PROBLEM DESCRIPTION. Would you copy only the lines below, from the one containing "Điểm đáng giá" through the very last one, leaving the pictures out?

RECORDS FOR THE TASK.
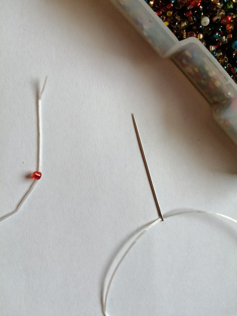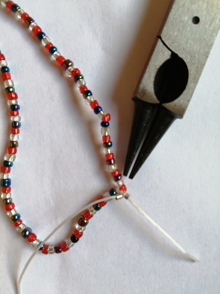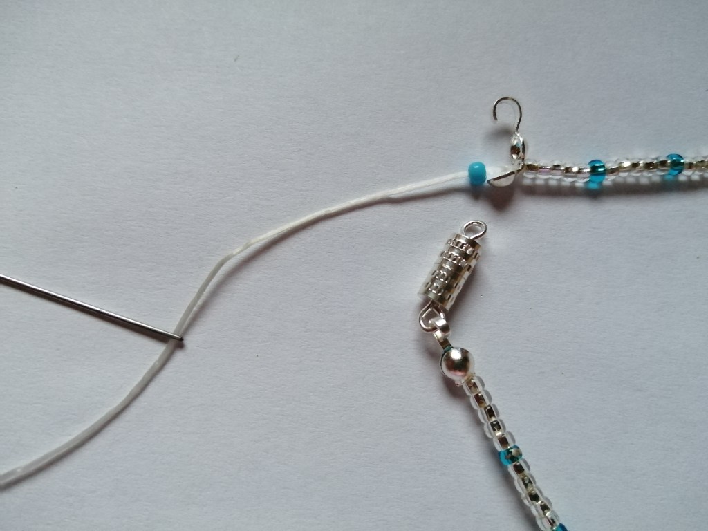 die Quetschkalotte auffädeln wie auf dem Bild, dann die Perle, die von der Kalotte eingeschlossen wird, auffädeln, nochmal mit Nadel und Faden hinter die letzte Perle und nochmal durchfädeln, noch zwei Knoten, Faden abschneiden, Quetschperle schließen und wie zu Beginn am Verschluss befestigen.
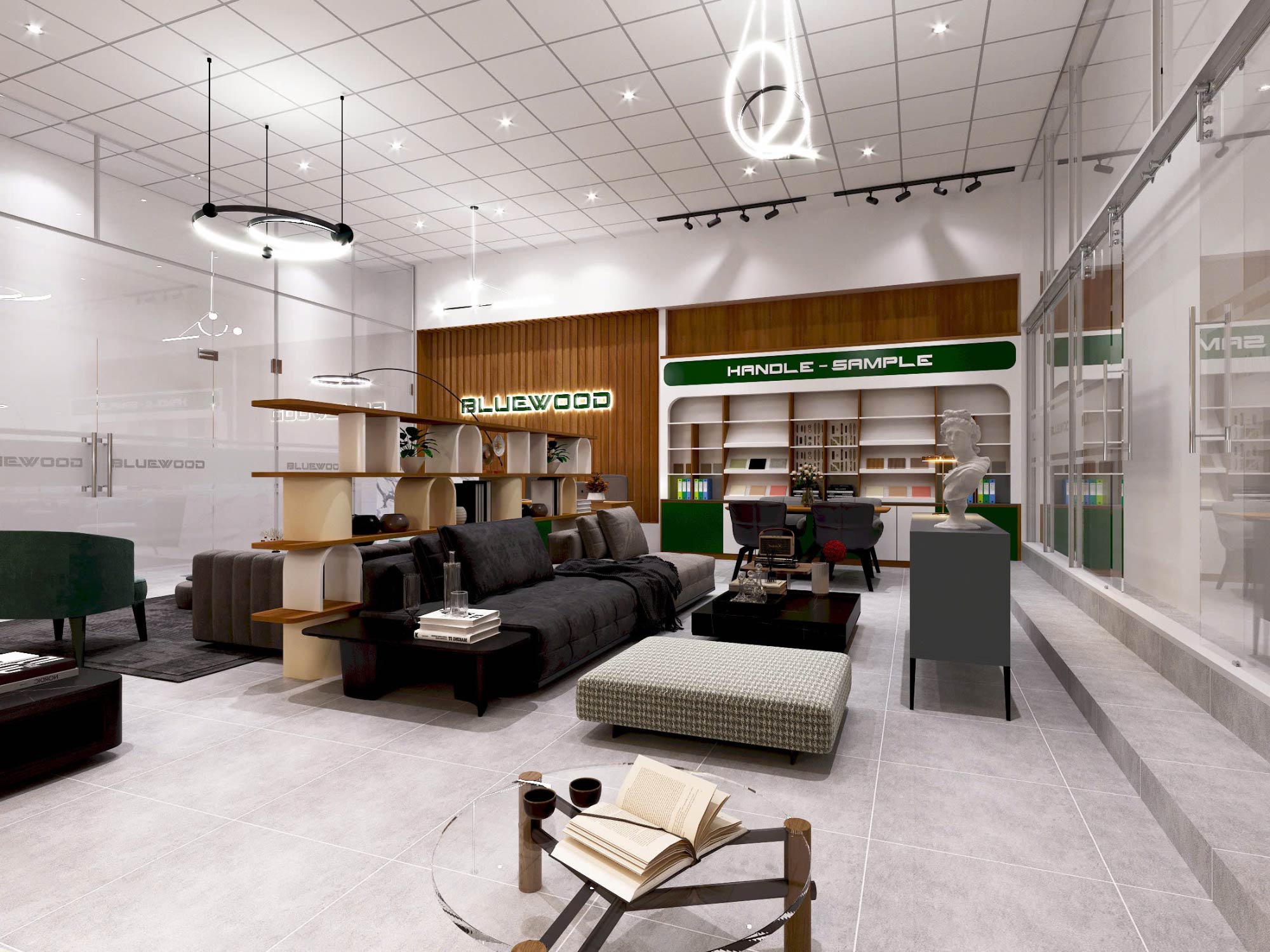Điểm đáng giá nhất của showroom BLUEWOOD nằm ở việc biến không gian trưng bày thành một trải nghiệm thực tế. Khách hàng không chỉ “xem” mà còn “cảm” được cách một công trình sẽ vận hành sau khi hoàn thiện.
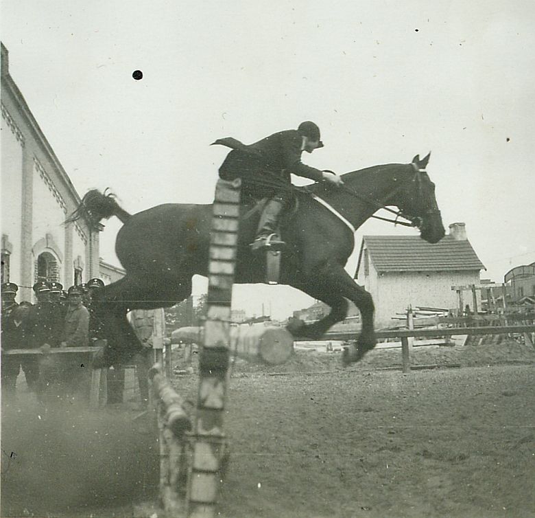 | Nr. inwentarzowy: MŁJ-XVI 1744 / 00 / 045 opis: Fragment ujeżdżalni Policji, przez stacjonatę skacze na koniu Łotrzyk Zofia Chodkiewiczówna. Zdjęcie z boku. Amazonka w ciemnym stroju jeździeckim: toczek, frak, bryczesy i długie buty. Koń ciemnej maści. W tle ogrodzenie, budynki. Z lewej kilku policjantów w mundurach.czas powstania - daty graniczne: 1931-05-09 - 1931-05-09miejsce: Warszawa, ujeżdżalnia Policjiosoby: Zofia (Zosia, Zofja) Chodkiewiczówna (Chodkiewicz)tworzywo: papier fotograficzny, błyszczącytechnika: odbitka żelatynowo-srebrowa DOP, czarno-białazespół: album rodziny Leskichwymiary (wys. x szer.): 62 x 64 [mm] Koń: 1. Łotrzyk, wałach
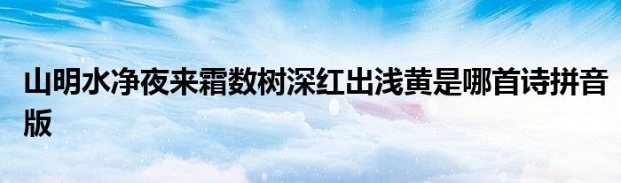 关于山明水净夜来霜数树深红出浅黄是哪首诗拼音版这个很多人还不知道,今天菲菲来为大家解答以上的问题,现在让我们一起来看看吧!
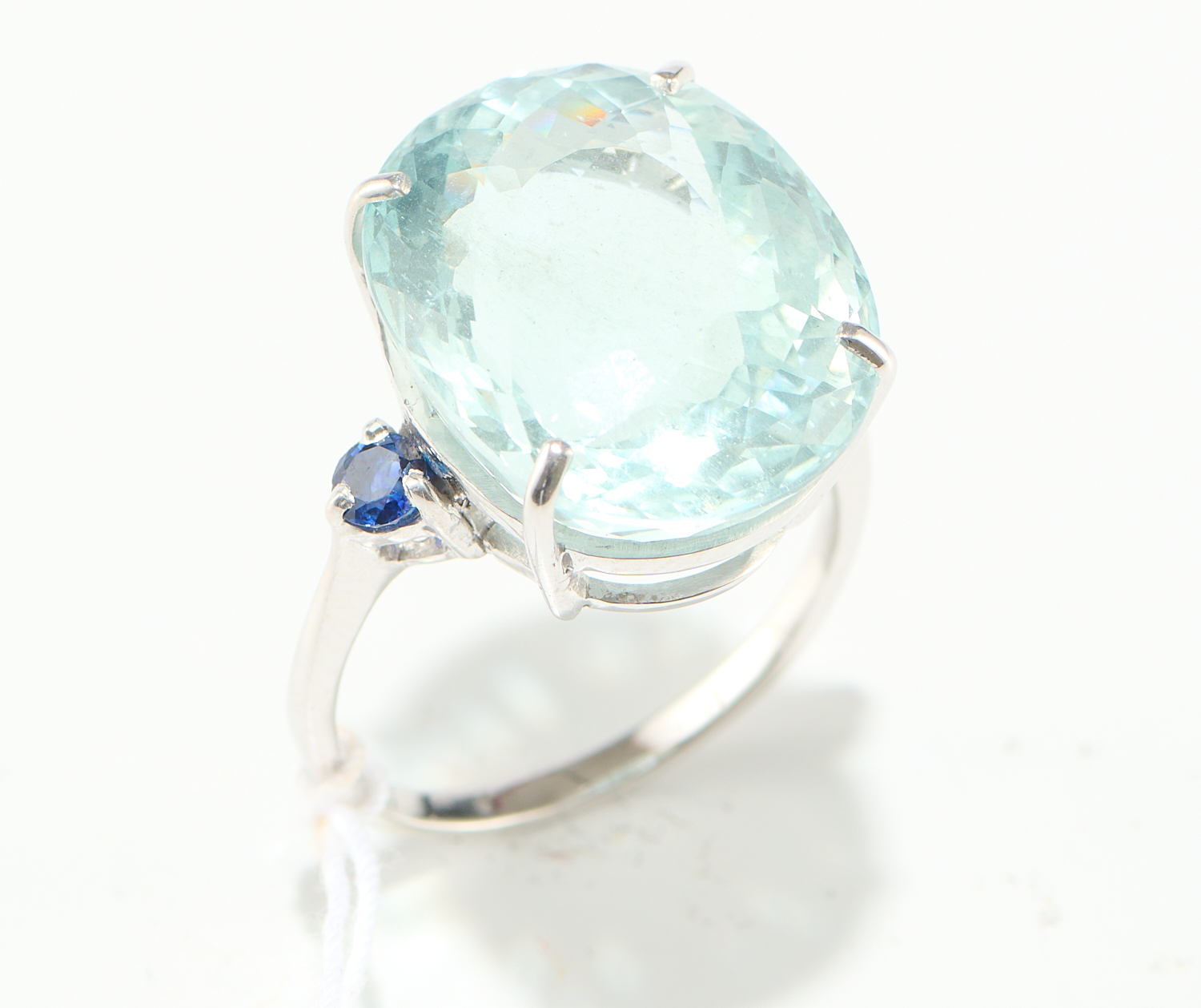 AN AQUAMARINE AND BLUE SAPPHIRE DRESS RING IN 18CT WHITE GOLD, THE AQUAMARINE WEIGHING 14.52CTS AND THE SAPPHIRES TOTALLING 0.38CTS, RING SIZE K, 5.8GMS
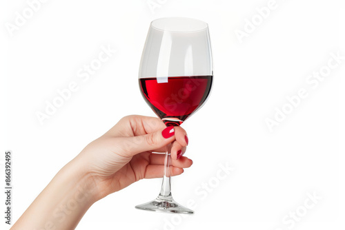 close up horizontal isolated image of a female hand holding a glass of red wine over a white neutral background

OUTPUT OF THE EXERCISE.
Điểm đáng giá nhất của showroom BLUEWOOD nằm ở việc biến không gian trưng bày thành một trải nghiệm thực tế. Khách hàng không chỉ “xem” mà còn “cảm” được cách một công trình sẽ vận hành sau khi hoàn thiện.
 | Nr. inwentarzowy: MŁJ-XVI 1744 / 00 / 045 opis: Fragment ujeżdżalni Policji, przez stacjonatę skacze na koniu Łotrzyk Zofia Chodkiewiczówna. Zdjęcie z boku. Amazonka w ciemnym stroju jeździeckim: toczek, frak, bryczesy i długie buty. Koń ciemnej maści. W tle ogrodzenie, budynki. Z lewej kilku policjantów w mundurach.czas powstania - daty graniczne: 1931-05-09 - 1931-05-09miejsce: Warszawa, ujeżdżalnia Policjiosoby: Zofia (Zosia, Zofja) Chodkiewiczówna (Chodkiewicz)tworzywo: papier fotograficzny, błyszczącytechnika: odbitka żelatynowo-srebrowa DOP, czarno-białazespół: album rodziny Leskichwymiary (wys. x szer.): 62 x 64 [mm] Koń: 1. Łotrzyk, wałach
 关于山明水净夜来霜数树深红出浅黄是哪首诗拼音版这个很多人还不知道,今天菲菲来为大家解答以上的问题,现在让我们一起来看看吧!
 AN AQUAMARINE AND BLUE SAPPHIRE DRESS RING IN 18CT WHITE GOLD, THE AQUAMARINE WEIGHING 14.52CTS AND THE SAPPHIRES TOTALLING 0.38CTS, RING SIZE K, 5.8GMS
 close up horizontal isolated image of a female hand holding a glass of red wine over a white neutral background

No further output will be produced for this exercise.